Il risotto all’onda non appartiene a una sola stagione. Può essere preparato tutto l’anno, adattando il condimento agli ingredienti disponibili. Verdure, formaggi, erbe aromatiche, pesce o altri ingredienti possono cambiare il carattere del piatto, mentre la tecnica resta la stessa.

Conclusione

Capire come fare il risotto all’onda significa imparare ad ascoltare il riso durante ogni fase: tostatura, aggiunta del liquido, assaggio e mantecatura. Non servono gesti complicati, ma attenzione alla temperatura, alla consistenza e al momento in cui spegnere il fuoco.

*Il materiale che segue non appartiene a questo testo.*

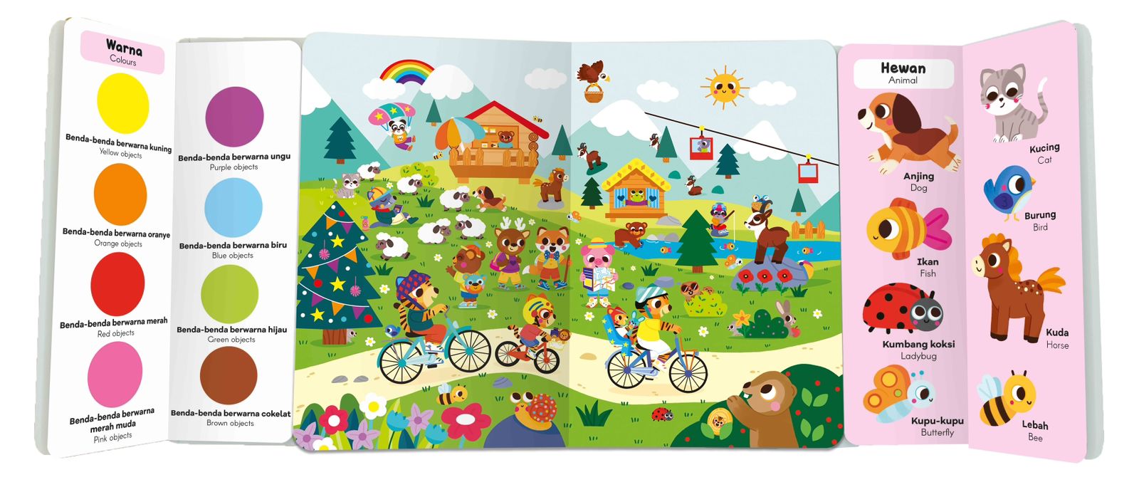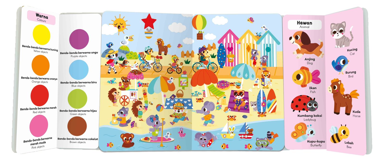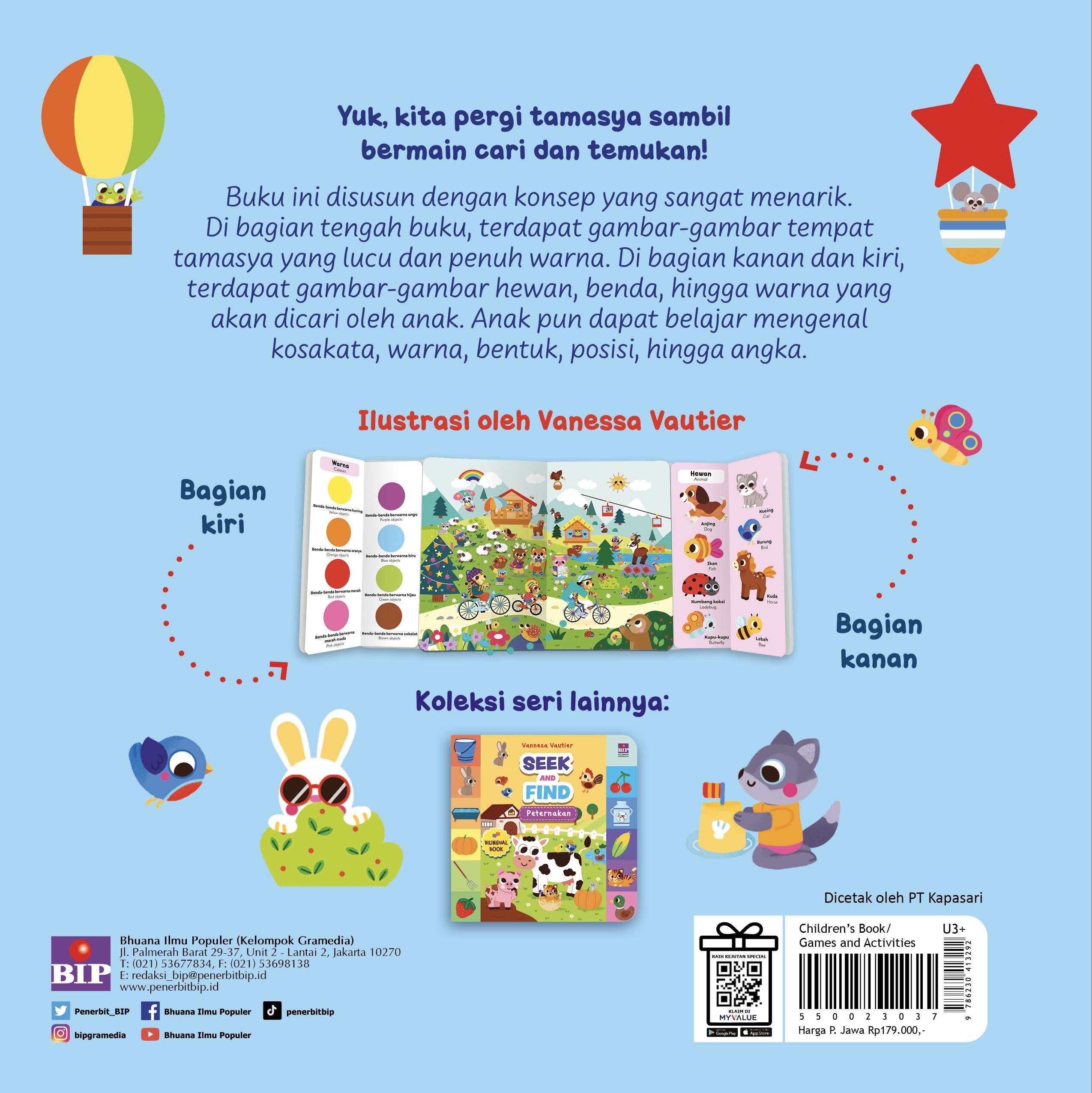 Buku ini disusun dengan konsep yang sangat menarik. Di bagian tengah buku, terdapat gambar-gambar tempat tamasya yang lucu dan penuh warna. Di bagian kanan dan kiri, terdapat gambar-gambar hewan, benda, hingga warna yang akan dicari oleh anak. Anak pun dapat belajar mengenal kosakata, warna, bentuk, posisi, hingga angka.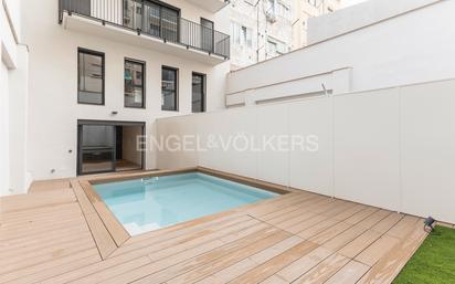 Engel & Völkers les presenta en exclusiva este estupendo edificio de solo 6 vecinos. Este amplio bajos tipo dúplex cuenta con 94 m2 construidos en su interior, 78 m2 útiles y una terraza con piscina y jardín con un total de 50 m2. Al acceder a la vivienda se encuentra un dormitorio de 9 m2 con doble altura en donde podras tener un estupendo estudio o una moderna habitacion con altillo y con vistas al tranquilo paseo. Al otro lado del piso se encuentra un luminoso salón comedor con cocina abierta de 20 m2 que se integra a la terraza lo cual le da mayor amplitud al espacio. Una terraza ideal para disfrutar durante todo el año que además cuenta con piscina privada. En la planta alta se encuentra una espectacular habitación suite con vestidor y baño con ventilacion natural, ambos con vistas sobre la terraza lo cual hace una habitación muy tranquila y luminosa. Este edificio cuenta con excelentes acabados, cocinas modernas con horno, microondas y placa de inducción incluido. La climatización del piso es con Aerotermia, con aire acondicionado y calefacción por conductos. Si desea más información de este fabuloso duplex con una ubicación única, no deje de contactar con su asesor de Engel & Völkers o través de este anuncio para concertar una visita a tu nuevo hogar. Tour virtual: https://floorfy.com/es/tour/2472350?play=no Este estupendo edificio se encuentra ubicado en el distrito de Gracia, específicamente en el barrio de Camp d'en Grassot. Un barrio situado entre los barrios del Eixample, Sagrada Familia y la Vila de Gràcia, con zonas muy demandadas y una excelente oferta gastronómica, cultural, de entretenimiento y con todos los servicios necesarios para disfrutar de una excelente calidad de vida. A pocos metros se encuentra el Passeig Sant Joan, considerado por Time Out en 2021 como la 2ª mejor calle del mundo, así como la emblemática Sagrada Familia ícono de Barcelona. A poca distancia, también encontraremos el Mercado de la Abacería, la Avenida Diagonal y el Hospital de Sant Pau. La zona está muy bien comunicada por transporte público, a sólo 5 minutos de las líneas de metro L2, L4 y L5; Joanic, Verdaguer y Sagrada Familia, así como varias líneas de autobús para conectar con el resto de la ciudad. Si tu ideal es vivir en una zona tranquila residencia, pero con todos los servicios y muy bien conectada, no dejes de contactar para conocer en detalle este estupendo duplex.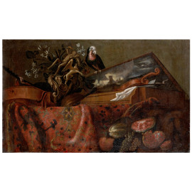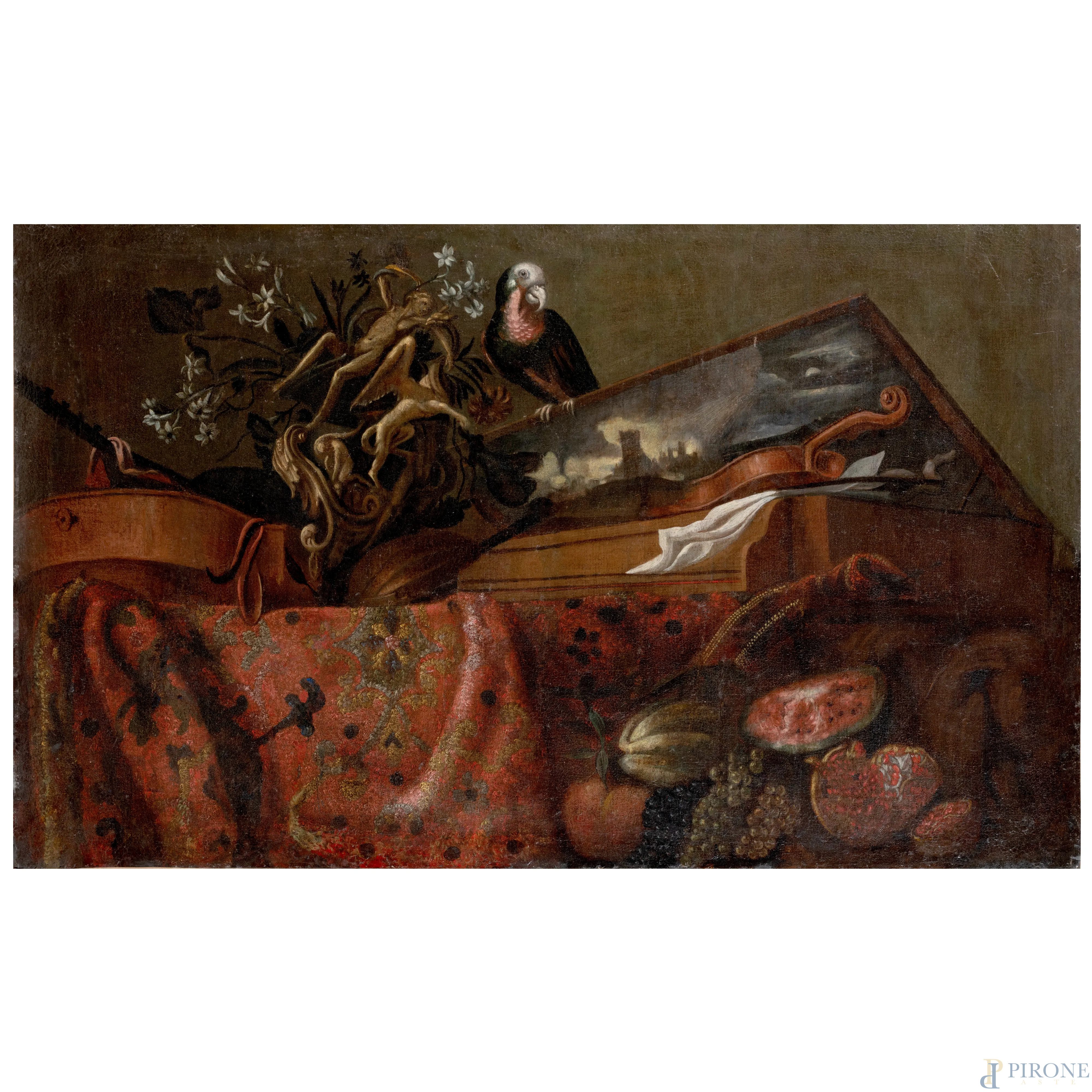 Natura morta con strumenti musicali, drappeggio e pappagallo, XVII-XVIII secolo, olio su tela, cm 84,5x139
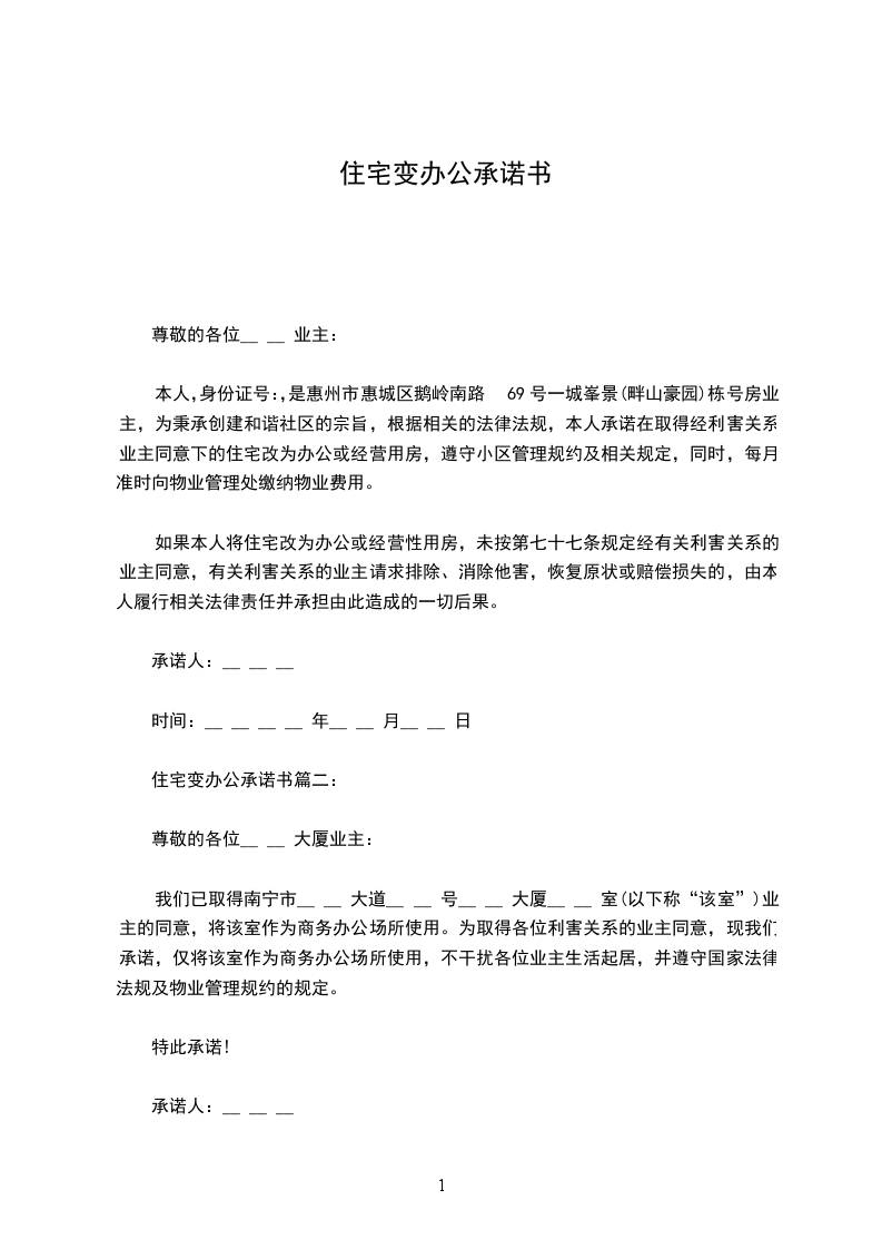 本人,身份证号:,是惠州市惠城区鹅岭南路69号一城峯景(畔山豪园)栋号房业主,为秉承创建和谐社区的宗旨,根据相关的法律法规,本人承诺在取得经利害关系业主同意下的住宅改为办公或经营用房,遵守小区管理规约及相关规定,同时,每月准时向物业管理处缴纳物业费用。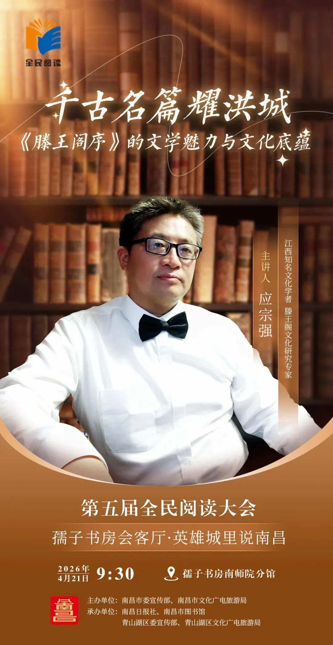 江西知名文化学者、滕王阁文化研究专家应宗强,将落座孺子书房南师院分馆(学生群体专场),带来《千古名篇耀洪城——<滕王阁序>的文学魅力与文化底蕴》主题分享。他将围绕《滕王阁序》解读其千古流传的文学艺术特色,讲述滕王阁与南昌交融共生的文化渊源,带领学生品读经典佳句,感受赣鄱大地的人文盛景。活动还将搭配历史影像、文创展示,融合诵读、赏析等互动形式,让学生沉浸式领略名篇与名楼的双重文化魅力。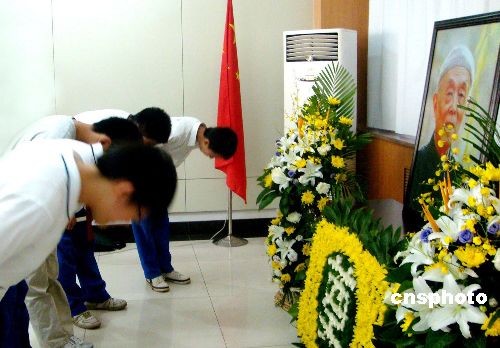 七月十四日上午,季羨林先生的母校山東省濟(jì)南第一中學(xué)(前身為濟(jì)南正誼中學(xué)、省立高中)舉行了悼念哀思儀式,師生們一起緬懷大師生前對母校的嘉言懿行。二零零一年十月,山東大學(xué)百年校慶,季羨林先生應(yīng)邀出席校慶系列活動(dòng)。當(dāng)時(shí),已是九十高齡的季羨林先生說,無論如何我要回母校濟(jì)南一中看一看。在這最后一次回母校中,季羨林先生與校友歐陽中石、董鳳基共同捐資五十萬元人民幣,設(shè)立了“春暉獎(jiǎng)學(xué)金”,以褒獎(jiǎng)學(xué)習(xí)成績優(yōu)異的學(xué)生。中新社發(fā) 牛杰峰 攝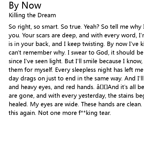 | So right, so smart. So true. Yeah? So tell me why I'm wrong if it was all for you. Your scars are deep, and with every word, I'm only adding salt. The knife is in your back, and I keep twisting. By now I've kicked myself for so long, I can't remember why. I swear to God, it should be bright, but it's been days since I've seen light. But I'll smile because I know, these traps â" I've set them for myself. Every sleepless night has left me tired, and weak. And every day drags on just to end in the same way. And I'll walk away with a torn heart, and heavy eyes, and red hands. âAnd it's all because of you. But those days are gone, and with every yesterday, the stains begin to fade. My heart has healed. My eyes are wide. These hands are clean. And I'll never be sorry for this again. Not one more f**king tear. |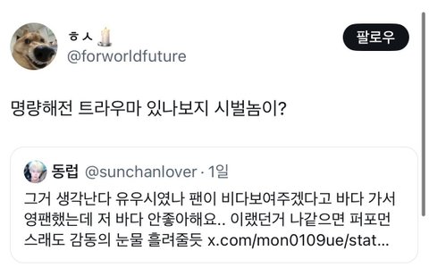 장카설유가 저딴 소리했으면 머리채 잡혀서 다 뜯기고 탈모오고 사과문 썼지... 남돌이라서 병크 저질러도 반응 유하고 별로 욕 안 먹는거 부럽다..ㅋㅋㅋㅋ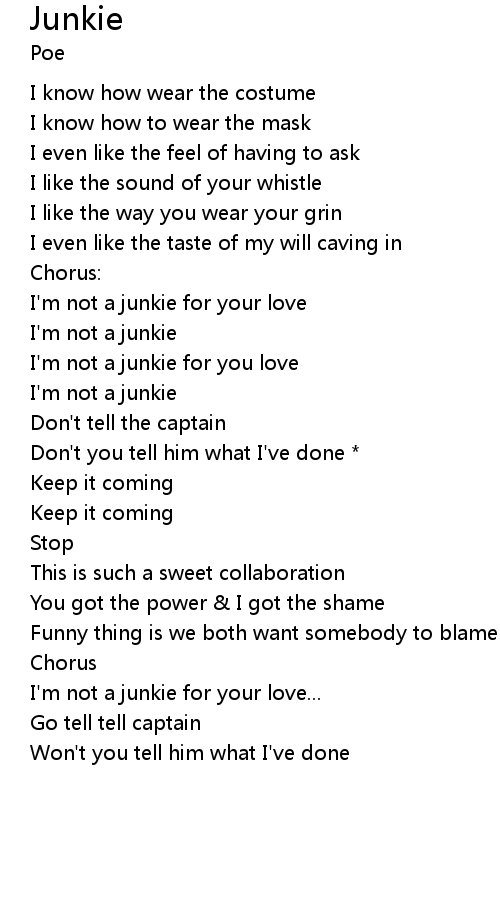 | I'm not a junkie for your love | |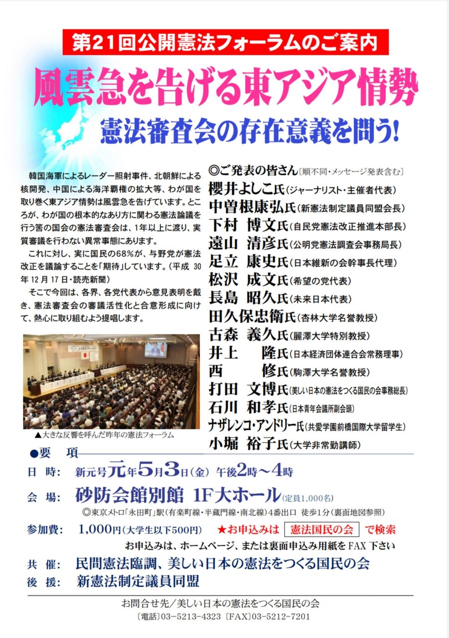 また、「美しい日本の憲法をつくる会」が「民間憲法臨調」(日本会議の別動隊。代表:櫻井よしこ)との共催で開いた今年の「公開憲法フォーラム」ですが、そこでも"憲法審査会の存在意義を問う!"というテーマが掲げられていました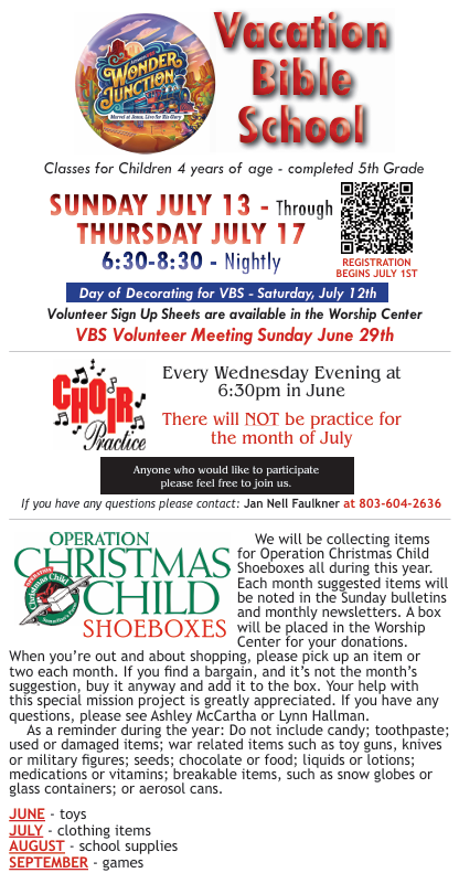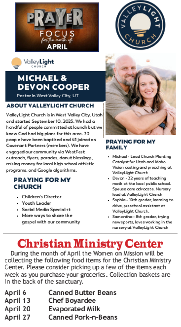 Adult Bible Study & Prayer Meeting: 6:00pm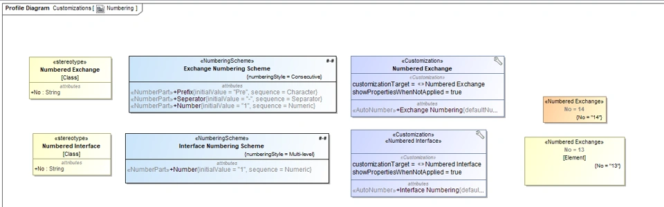 - When I created the 2nd instance of the numbering interface, I had to constantly delete the applied Numbered Exchange stereotype as you can see with the 2 examples to the right of the customization blocks.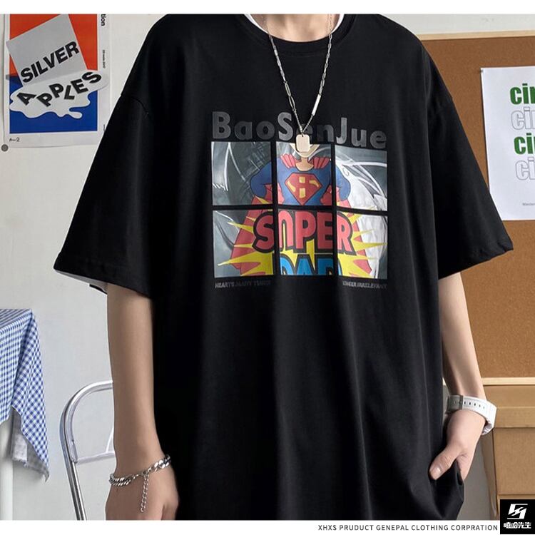 サマー薄手ルーズカジュアルTシャツ プリント コットン 大きめサイズ 夏物 ヒップホッププラスサイズ91957936795

Per scoprire il Sant’Andrea DOP e gli altri risi selezionati da laBalocchina, puoi partire dalla collezione Riso. Se invece desideri parlare con noi di una possibile collaborazione per ristorazione, distribuzione o vendita specializzata, trovi il percorso Diventa partner oppure puoi chiamare il numero +39 351 31 91 392.

FAQ

Il risotto all’onda deve essere liquido?

No. Deve essere morbido e fluido, ma non acquoso. Quando inclini il piatto, il risotto deve muoversi lentamente e restare ben amalgamato.

Quanto liquido serve per il risotto all’onda?

La quantità varia in base alla varietà di riso, alla casseruola e al calore. È preferibile aggiungerlo gradualmente e regolarsi assaggiando, invece di versarlo tutto in una volta.

È necessario mescolare sempre il risotto?

No. Mescolare con regolarità aiuta la cottura e la cremosità, ma è utile alternare le mescolate a brevi pause per non stressare il chicco.

Quando si aggiunge il burro o il formaggio?

La mantecatura si fa a fuoco spento, quando il riso ha raggiunto la cottura desiderata. Dopo aver aggiunto il condimento, lascia riposare brevemente il risotto e poi mescola.

Il risotto all’onda è una preparazione solo invernale?

No. Il risotto è adatto a tutto l’anno. Puoi adattare il condimento agli ingredienti disponibili e alla stagione, mantenendo invariata la tecnica di base.